_Problem statement:_
After dropping the pictures, give again exactly the lines of the data from its first line through the line with "最大的问题在于,这段山路为机", which is included as well.

_Provided data:_
◆ ◆ ◆ ◆ ◆

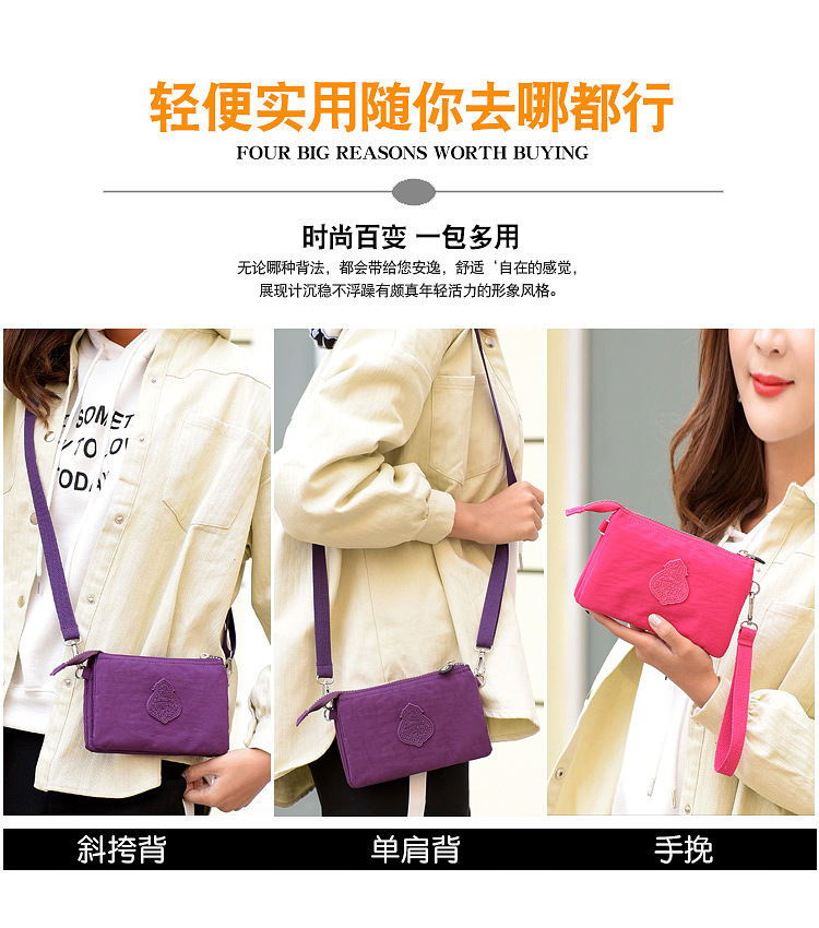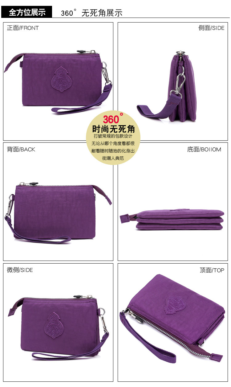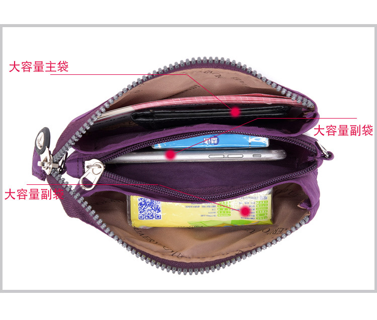 여성용 크로스바디 백 경량 워싱 나일론 숄더백 다단계 휴대폰 교체 키백 핸드백
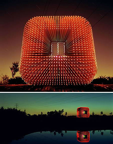 小屋“赛图特里”:曾获英国“菲利普王子奖”的建筑师托马斯-赫斯维克为国家罗盘星收藏协会设计的发光的铝质结构小屋“赛图特里”。这个立方体的建筑有五千个小窗户,它们都朝向这个立方体的中心。中心的一个光源使这些窗户发出橙色的光芒。
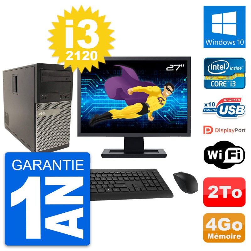 PC Tour Dell 790 MT - Intel Core i3-2120 3.3 Ghz (3 Mo) - 4 Go DDR3 - Disque Dur 3,5" 2 To - Graveur DVD - Clef Wifi USB - Windows 10 - Livré avec Ecran 27" + clavier + souris (Marques et modèles variables) - Garantie 1 an.
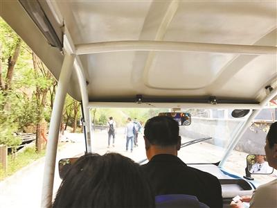 最大的问题在于,这段山路为机动车、电瓶车和行人混行,并没有明显的步行道,行人步行最快也需要1小时左右的时间,只能紧贴山壁行走。下午3点左右北青报记者乘坐电瓶车进入,可以同时看到最少七拨游客在路上行走。
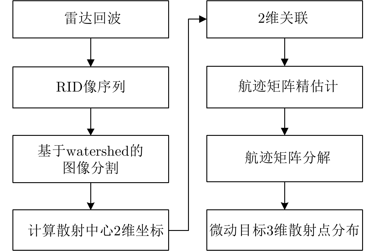 Micromotion refers to the small and non-uniform motion of the target or several target components along the radar line of sight. Using the high-resolution three-Dimensional (3D) Inverse Synthetic Aperture Radar (ISAR) imaging, the structural information and motion status of micromotion targets can be obtained, providing essential features for the detection, tracking, identification, and classification, which play important roles in the space situation awareness and ballistic missile defense. Given the complex micromotion forms and the non-stationary radar echoes, the available parametric ISAR imaging methods are no longer applicable. To overcome this limitation, this study aims to propose a high-resolution 3D imaging method for micromotion targets based on the scattering center trajectory matrix decomposition. First, the Range Instantaneous Doppler (RID) image series is generated to extract the support region of scattering centers by the watershed method. Then, the scattering center association is achieved based on the minimum Euclidean distance criterion. Considering the insufficient accuracy in the instantaneous slant range estimation with limited range resolution, a method for refined estimation of the trajectory matrix based on the modern spectrum analysis is proposed. Finally, the high-resolution 3D imaging of the micromotion targets is obtained by the trajectory matrix decomposition with constraints. The simulation results have demonstrated that the proposed method could effectively obtain high-resolution 3D imaging of the targets in complex micromotions such as nutation.
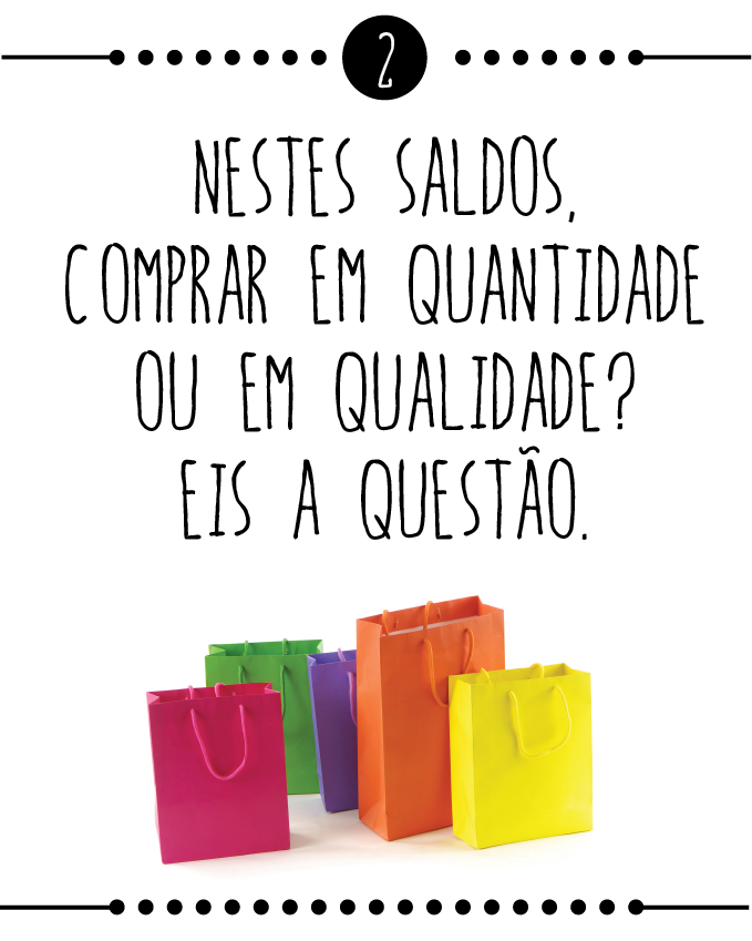 Os saldos podem ser uma verdadeira zona de guerra cheia de armadilhas e granadas prestes a explodir. Tanto podemos encontrar verdadeiros achados, como trazer uma peça estragada ou algo que, ainda pior, nunca usaremos. Encontramos as lojas num caos com filas enormes para os provadores e, se pelo meio conseguirmos escolher alguma coisa por sorte e pressão, ainda temos que esperar, exaustivamente, para pagar. Ao longo destas semanas partilhámos algumas dicas e sugestões, no entanto, hoje gostaríamos de saber qual será a vossa estratégia de sobrevivência e boas compras: a quantidade ou a qualidade?
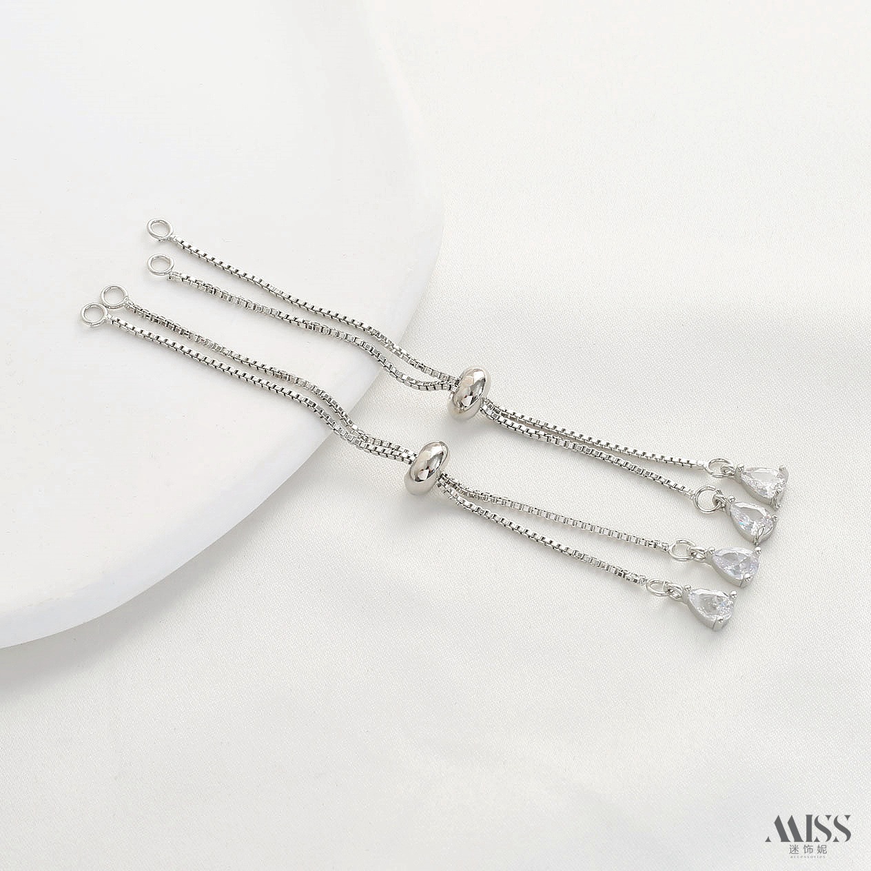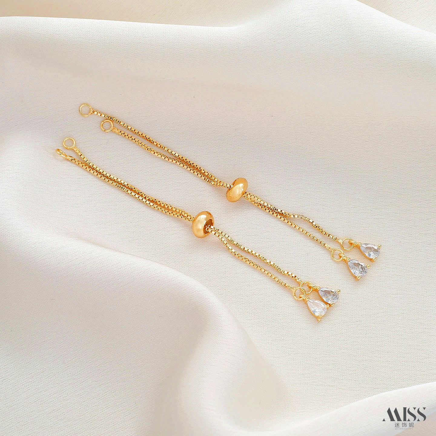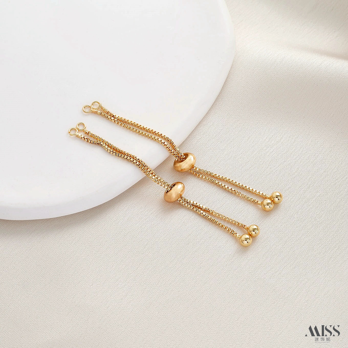 14K包金保色镀18K真金硅胶珠调节延长链吊锆石diy手链伸缩加长链

◆ ◆ ◆ ◆ ◆

_Expected output:_
 여성용 크로스바디 백 경량 워싱 나일론 숄더백 다단계 휴대폰 교체 키백 핸드백
 小屋“赛图特里”:曾获英国“菲利普王子奖”的建筑师托马斯-赫斯维克为国家罗盘星收藏协会设计的发光的铝质结构小屋“赛图特里”。这个立方体的建筑有五千个小窗户,它们都朝向这个立方体的中心。中心的一个光源使这些窗户发出橙色的光芒。
 PC Tour Dell 790 MT - Intel Core i3-2120 3.3 Ghz (3 Mo) - 4 Go DDR3 - Disque Dur 3,5" 2 To - Graveur DVD - Clef Wifi USB - Windows 10 - Livré avec Ecran 27" + clavier + souris (Marques et modèles variables) - Garantie 1 an.
 最大的问题在于,这段山路为机动车、电瓶车和行人混行,并没有明显的步行道,行人步行最快也需要1小时左右的时间,只能紧贴山壁行走。下午3点左右北青报记者乘坐电瓶车进入,可以同时看到最少七拨游客在路上行走。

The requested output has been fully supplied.